Using the logging facility would also allow comparison and regression testing of a parser as changes are made in representation or even stage. We imagine another tool, called the standard evaluation tool, that would convert the logs created by the logging facility into a format that would allow comparison between different parsers or versions of the same parser (as we have done throughout this work). Such a tool would allow a system designer or content specialist to tag the results of individual parses with correct parses (thereby creating the oracle needed to measure accuracy), as well as other salient features, such as the state of the program (so that expectation sets can be defined, for example, or possible pronominal disambiguation). The standard evaluation tool would then allow different parsers to be run on the same set of data, so comparisons can be made.

The Embedded Conceptual Parser Tool Set: A summary

The creation of an embedded parsing tool set would comprise three sets of interrelated tools. The parser definition tool would allow a system designer to set the general parameters of the parser, and effect the operation of the other tools. The knowledge engineering tools would allow a content specialist to create the conceptual representations required to make the parser work within a program. The evaluation and debugging tools would allow the system designer and content specialist to evaluate and then modify the parser and the underlying knowledge representations.

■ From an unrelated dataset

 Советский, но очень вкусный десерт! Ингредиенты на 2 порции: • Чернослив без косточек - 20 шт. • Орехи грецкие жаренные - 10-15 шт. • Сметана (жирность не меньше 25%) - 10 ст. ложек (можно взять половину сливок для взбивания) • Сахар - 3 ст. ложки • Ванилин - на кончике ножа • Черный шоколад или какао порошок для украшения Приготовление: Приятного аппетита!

In addition to these software tools, application program interfaces should be defined, including APIs for communication between the embedding application and the embedded parser; between possibly preexisting knowledge engineering tools and the parser; and for standard logging. Building this tool set will provide a useful way to add conceptual parsers to application programs.

Summary

Building conceptual parsers for Creanimate, Casper and TransAsk has provided a means for discovering new ways to think about parsing. Because these parsers were built for accomplishing real-world tasks, we have had to focus on, and in some cases develop, ways of evaluating the parsers we build--measurements of how well the parsers have done their task. It has also led the way to a new architecture for parsing, indexed concept parsing, that proved to be an effective way of allowing users of the Casper tutor to say what they wanted to say in a relatively open ended way. The development of the technique of indexed concept parsing led us to suspect that a continuum exists that describes a space of parsers, that moves from simple key word systems on the one end to structured conceptual parsing on the other. We have described this continuum above, and suggested ways in which a universal embedded conceptual parser tool set could be developed.

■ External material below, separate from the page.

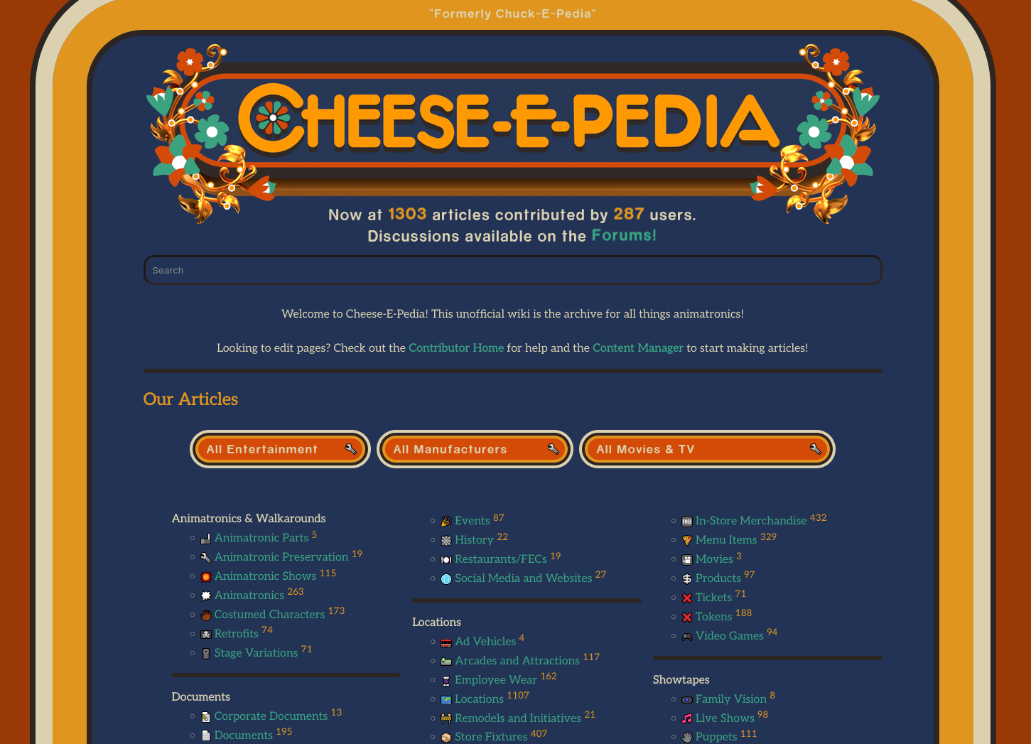 Stumbled across this forum and not sure what ‘Cheese-E-Pedia’ is about? We’re a massive animatronics wiki dedicated to archiving everything from Chuck E. Cheese, to ShowBiz Pizza, to Five Nights at Freddy’s, and all the little shows in between! Check out the main site here!

[1.]KR: Knowledge representation

[2.]The predicted and unpredicted appraisers defined for indexed concept parsing using partonomic relationships need to be written to take into account the presence of index concepts which are part of other index concepts (see Chapters 5 and 7).

[3.]Although an appraiser based on expectations in context (as described in Chapter 6) might override appraisers based on information value. Depending on the needs of the application, this may be exactly what is needed. The appraisers based on information value will need to be sensitive to partonomic relationships, as in Stage 4.

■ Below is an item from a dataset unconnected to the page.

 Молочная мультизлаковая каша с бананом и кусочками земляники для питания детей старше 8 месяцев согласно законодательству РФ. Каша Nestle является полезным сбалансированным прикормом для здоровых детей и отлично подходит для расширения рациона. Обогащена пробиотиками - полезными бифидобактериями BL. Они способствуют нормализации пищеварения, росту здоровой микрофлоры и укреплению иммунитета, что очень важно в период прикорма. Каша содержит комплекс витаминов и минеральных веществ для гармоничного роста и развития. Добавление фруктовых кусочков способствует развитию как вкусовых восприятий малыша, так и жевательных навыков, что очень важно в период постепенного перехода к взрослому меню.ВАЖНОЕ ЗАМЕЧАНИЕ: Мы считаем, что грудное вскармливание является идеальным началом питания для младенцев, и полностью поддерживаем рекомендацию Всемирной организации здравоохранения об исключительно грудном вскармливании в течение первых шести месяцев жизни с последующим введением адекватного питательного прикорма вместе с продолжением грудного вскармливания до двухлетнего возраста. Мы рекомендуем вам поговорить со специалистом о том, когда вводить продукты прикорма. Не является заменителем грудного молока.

[4.]Statistical techniques exist to create synonym sets, as well, such as latent semantic indexing (Dumais, Furnas, & Landauer 1990), which may obviate the need to manually assign synonyms. A previously defined thesaurus might be used as well.

[5.]As an example of a space that is not limited, consider a system in which the system knows how to respond to making small talk, but the number of ways that a user might express that small talk is very large. See, for example, the Guss application, Yello (Burke 1993).

[6.]One might imagine this occurring in an interactive dialog, in which the user of the system enters "paper has toner all over it" and the parser returns a canonical form for toner spills.

[7.]A simple logging facility is defined in the appendix.